(THE PROBLEM): An exact copy of the lines, starting at the top of the listing and ending with the line that has "The presentation box", is the required answer. Pictures are not part of it.

***

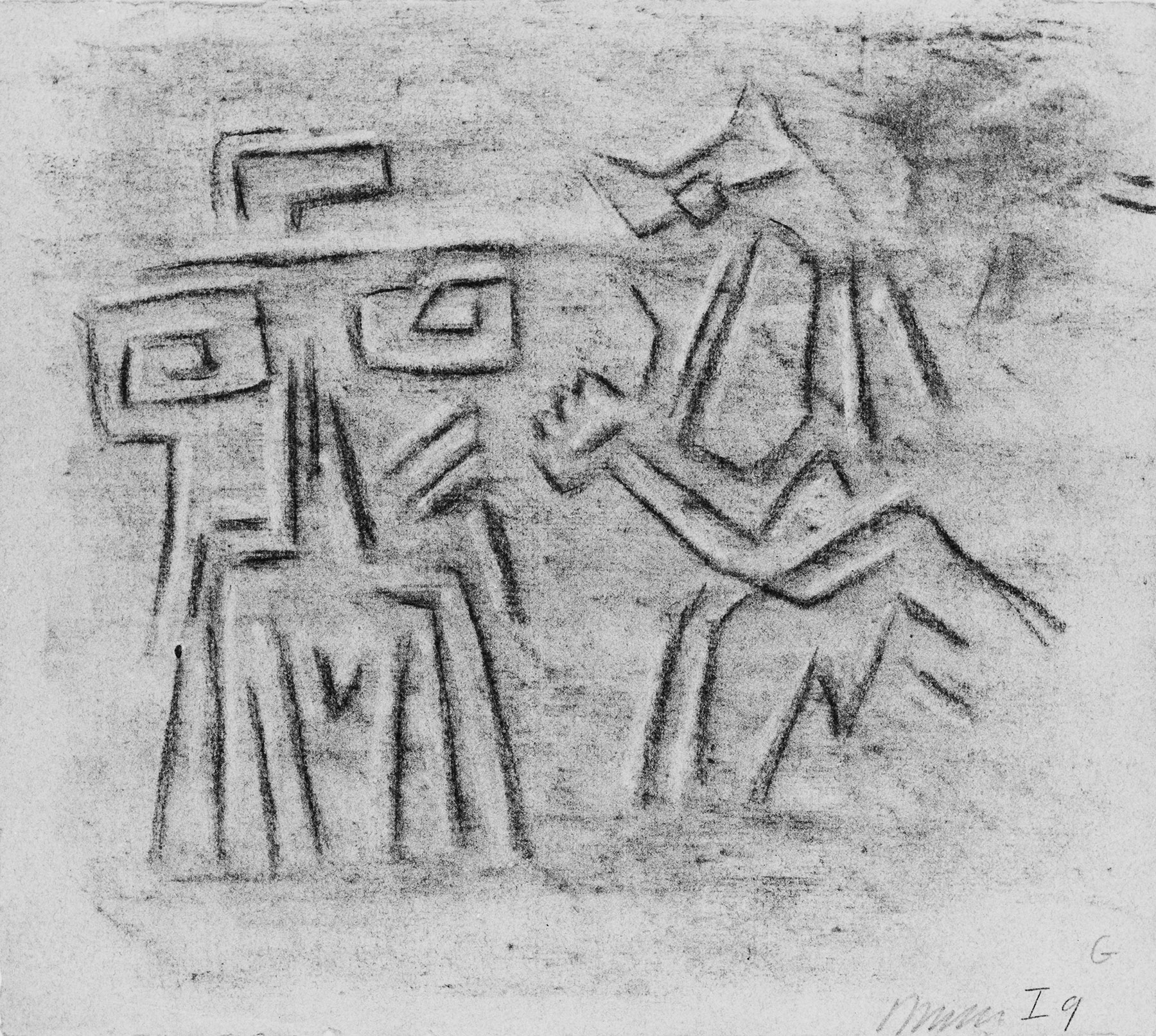 Kohle, gewischt, radiert, fixiert, auf lichtblauem, am Rand l. leicht fransend abgetrenntem Ingres-Bütten mit Wz. r. o.: Hahn im Kreis
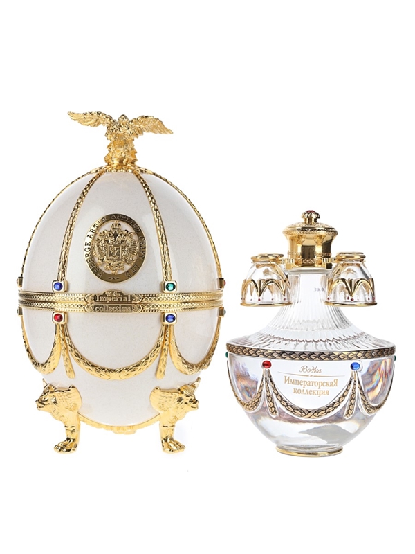 The presentation box contains a Fabergé style egg, decorated with crystal and gold detail and topped with a gold eagle. Inside the egg is a decanter containing super premium vodka, distilled from wheat and rye with water from Lake Ladoga, and four small glasses with gold and enamel decoration.
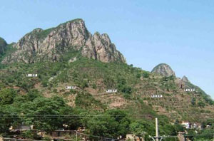 磁縣陶泉鄉(xiāng)南王莊位于冀西南群山之中。近年來,北側“道士帽”山峰下曾發(fā)生過巖石崩落,造成一處民宅被砸,威脅約20余戶居民。隨著時間的推移,在各種地質作用下,尤其是降水、凍融的影響,存在著繼續(xù)發(fā)生崩塌的隱患。為了村民的生命、財產安全,達到防災減災的目的,受磁縣國土資源局的委托,我公司進行了崩塌治理勘察工作。
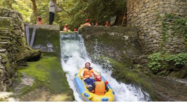 2026年4月25日,位于廣西桂林市陽朔縣興坪鎮(zhèn)的龍頸河景區(qū),游客正在體驗驚險刺激的漂流。黃勝林?jǐn)z(人民圖片網(wǎng))
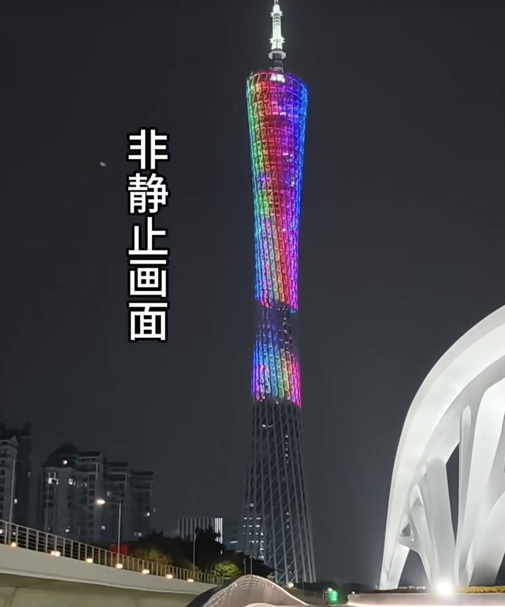 广州塔每天晚上11准时关灯,不是整天都是亮着灯的! 关灯是分几节,先是从塔底开
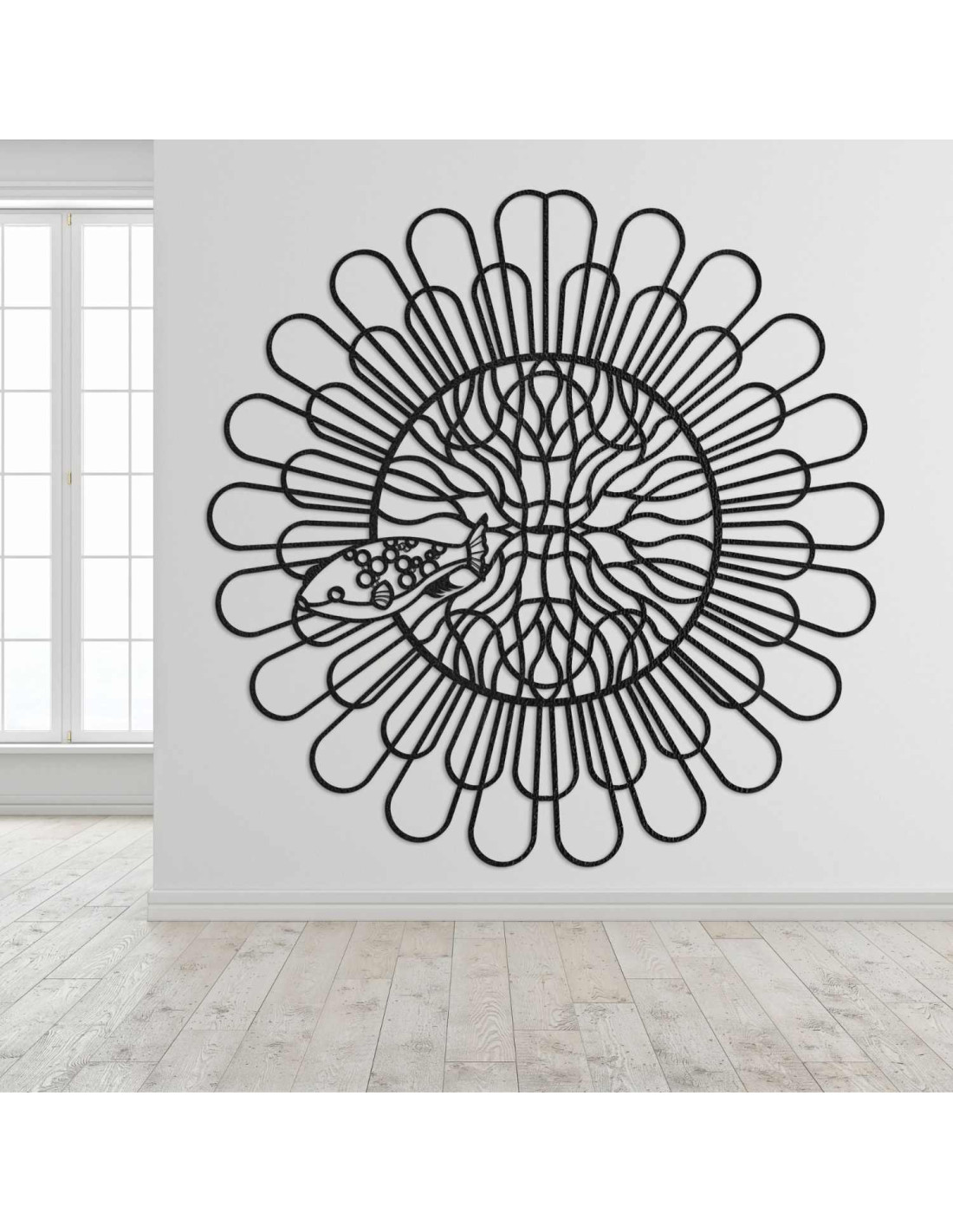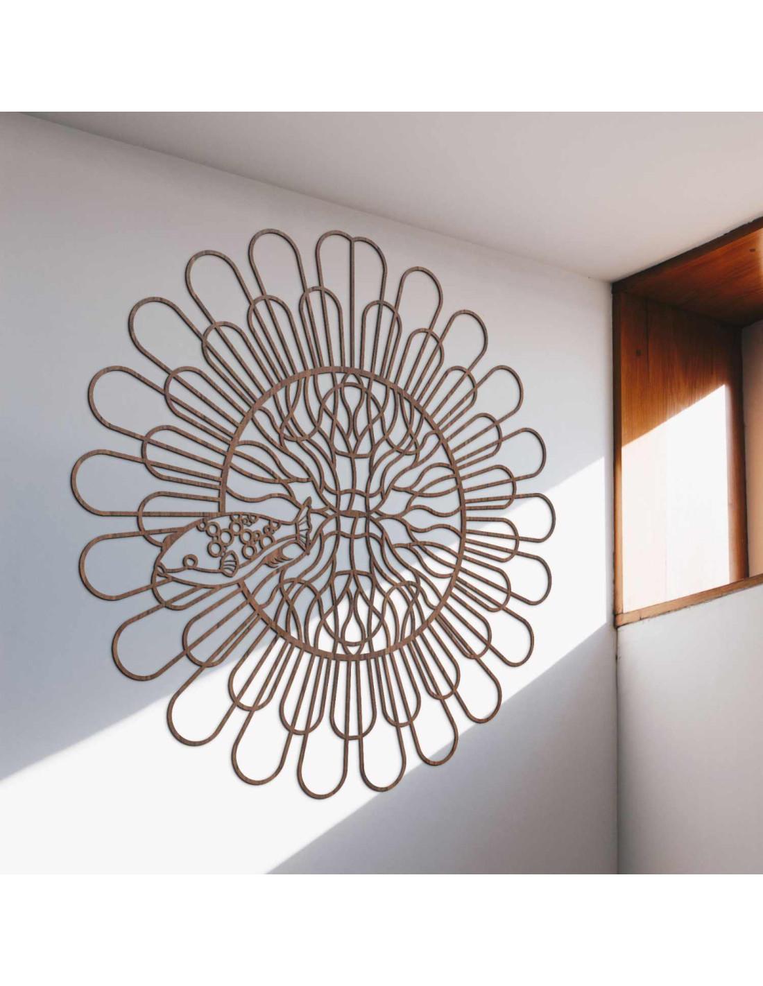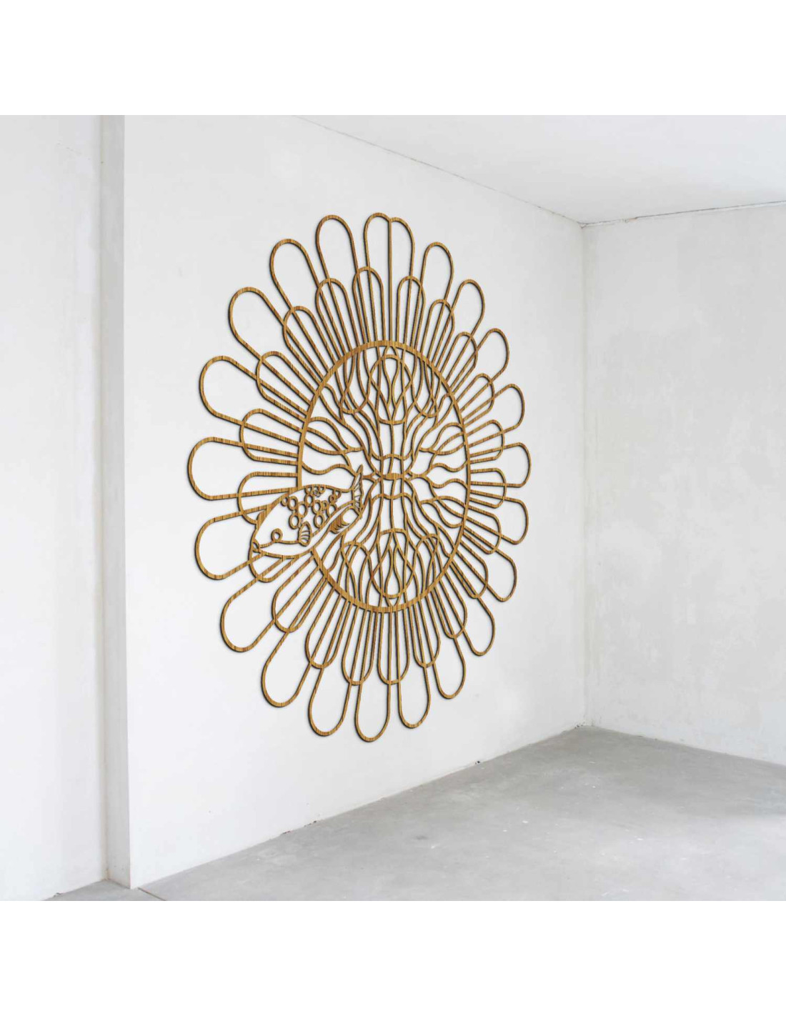 Wielkoformatowa dekoracja z misternym motywem kwiatowym, wykonana z wygiętego materiału, wprowadza do przestrzeni wrażenie ruchu i organiczności.

***

(EXERCISE RESPONSE):
 Kohle, gewischt, radiert, fixiert, auf lichtblauem, am Rand l. leicht fransend abgetrenntem Ingres-Bütten mit Wz. r. o.: Hahn im Kreis
 The presentation box contains a Fabergé style egg, decorated with crystal and gold detail and topped with a gold eagle. Inside the egg is a decanter containing super premium vodka, distilled from wheat and rye with water from Lake Ladoga, and four small glasses with gold and enamel decoration.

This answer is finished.